Bamako – Les autorités maliennes entendent consolider leur politique de réinsertion sociale des mineurs en conflit avec la loi. Dans cette dynamique, le ministre de la Justice et des Droits de l’Homme, Garde des Sceaux, Mamoudou Kassogué, accompagné du ministre de la Jeunesse et des Sports, chargé de l’Instruction civique et de la Construction citoyenne, ainsi que de la ministre de la Promotion de la Femme, de l’Enfant et de la Famille, a effectué, mardi, une visite au Centre spécialisé de détention, de rééducation et de réinsertion pour mineurs (CSDRM) de Bollé.
Cette mission gouvernementale visait à évaluer les conditions de prise en charge des pensionnaires, à apprécier les programmes de rééducation mis en œuvre et à réaffirmer la volonté de l’État de faire de la réinsertion sociale un pilier de la justice des mineurs.

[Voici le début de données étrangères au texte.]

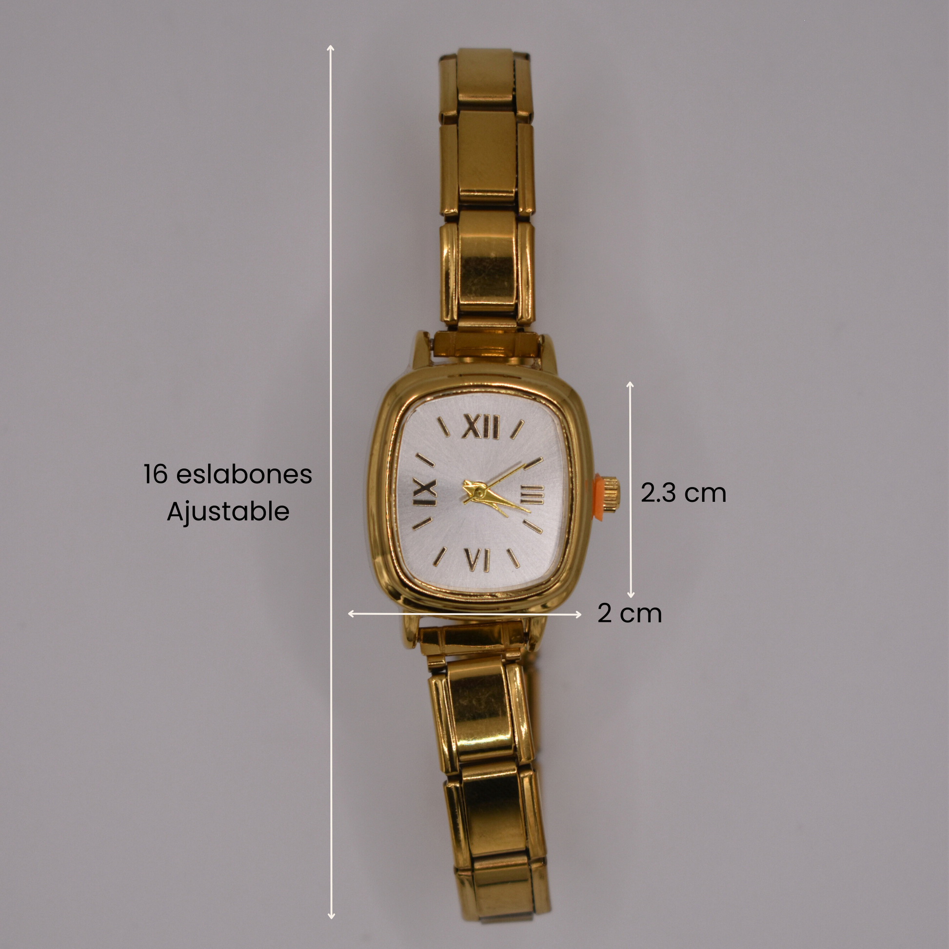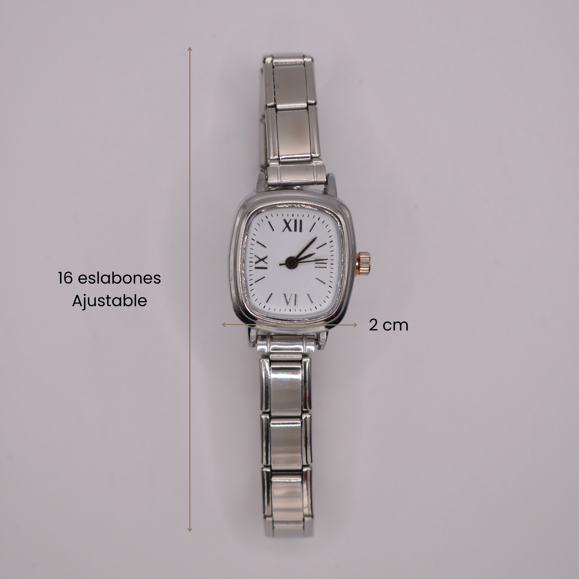 El reloj Lulus combina elegancia clásica con un diseño moderno. Disponible en plateado y dorado, su carátula cuadrada con números romanos crean un estilo refinado y atemporal, ideal para looks formales o casual chic.
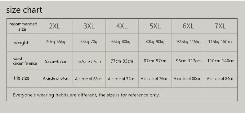 7XL отлично подошли на мой 60-й (120 в талии 130кг) Приятная мягкая ткань.
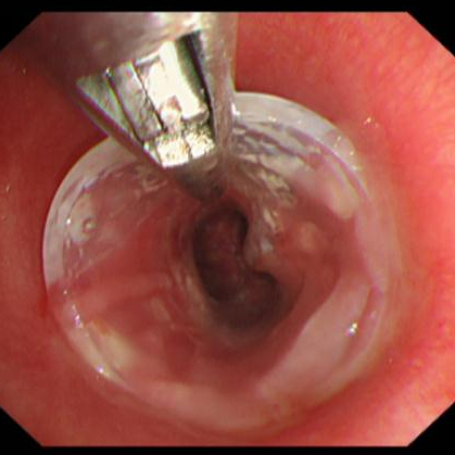 经过术前的充分准备,患者在全麻下,用可弯曲支气管镜引导插入法插入硬镜,通过高频电刀放射状切开狭窄环,再予气道球囊扩张器扩张气道置入硅酮支架,并置入喉罩复苏,最后成功为患者实施硬质支气管镜技术。术后,患者气道通畅,无呼吸困难、气促等症状出现,对比术前生活质量得到明显改善。

La visite a réuni les membres des cabinets ministériels concernés, les secrétaires généraux des départements impliqués, les responsables de l’Administration pénitentiaire ainsi que plusieurs acteurs de la chaîne judiciaire.
La cérémonie a débuté par la montée des couleurs nationales, avant de laisser place à une démonstration de salutations corporelles traditionnelles maliennes. Cette séquence, riche en symboles, a mis en lumière les valeurs de discipline, de respect, de civisme et de patriotisme inculquées aux jeunes pensionnaires dans le cadre de leur rééducation.
Les ministres ont ensuite échangé avec plusieurs mineurs, qui ont témoigné des enseignements reçus au centre, notamment en matière d’instruction civique, de lutte contre la corruption, d’amour de la patrie et de responsabilité citoyenne.
Former pour mieux réinsérer
Présentant le fonctionnement du Centre spécialisé de Bollé, son Directeur est revenu sur les missions de cette structure, créée pour assurer la surveillance, la rééducation, la formation professionnelle et la réinsertion des enfants en conflit avec la loi.
Il a indiqué que le centre accueille actuellement 201 mineurs, bénéficiant de différents programmes éducatifs et de formations professionnelles destinés à faciliter leur retour dans la société.
Tout en saluant les efforts consentis par le ministère de la Justice pour améliorer les conditions d’hébergement et de prise en charge, il a également évoqué plusieurs défis auxquels l’établissement reste confronté, appelant à la poursuite des investissements en faveur de cette structure spécialisée.
Le Directeur général adjoint du Service national des jeunes a, pour sa part, insisté sur la portée humaine de cette mission.
Selon lui, les formations dispensées au CSDRM contribuent à transformer progressivement les comportements des jeunes détenus et leur offrent les outils nécessaires pour reconstruire leur avenir.
Il a estimé que cette démarche dépasse le cadre judiciaire pour devenir un véritable investissement dans le capital humain, en donnant à ces adolescents une seconde chance à travers l’éducation, l’apprentissage et l’accompagnement citoyen.
La justice des mineurs au cœur des priorités de l’État
Clôturant les interventions, le ministre de la Justice et des Droits de l’Homme, Mamoudou Kassogué, s’est déclaré satisfait des progrès réalisés par les pensionnaires après seulement quelques mois de formation.
Il a salué la présence de ses collègues chargés de la Jeunesse et de la Promotion de la Femme, estimant que cette visite conjointe illustre la volonté du Gouvernement de renforcer la coordination entre les différents secteurs intervenant dans la protection des enfants.
Le Garde des Sceaux a rappelé que le Centre de Bollé privilégie une approche fondée sur la rééducation, la formation et la réinsertion sociale, conformément aux lois nationales et aux engagements internationaux du Mali en matière de protection des droits de l’enfant.
Il a également mis en avant le programme spécial de formation destiné aux jeunes détenus, soulignant que la complémentarité entre la justice, l’éducation et l’instruction civique constitue un levier essentiel pour prévenir la récidive et favoriser une réintégration durable.
À travers cette visite, les autorités maliennes réaffirment leur volonté de promouvoir une justice des mineurs davantage orientée vers l’éducation que vers la sanction.
En renforçant les dispositifs de formation, d’accompagnement psychologique, d’instruction civique et d’insertion professionnelle, le Gouvernement entend offrir à chaque enfant en conflit avec la loi une véritable opportunité de reconstruire son parcours de vie et de devenir un acteur utile au développement du pays.
Cette approche traduit une vision plus globale de la justice juvénile, fondée sur la prévention, la responsabilisation et la réintégration sociale. Elle s’inscrit dans les orientations des plus hautes autorités, qui font de la protection de l’enfance, de la promotion de la citoyenneté et du renforcement de la cohésion sociale des priorités de l’action publique.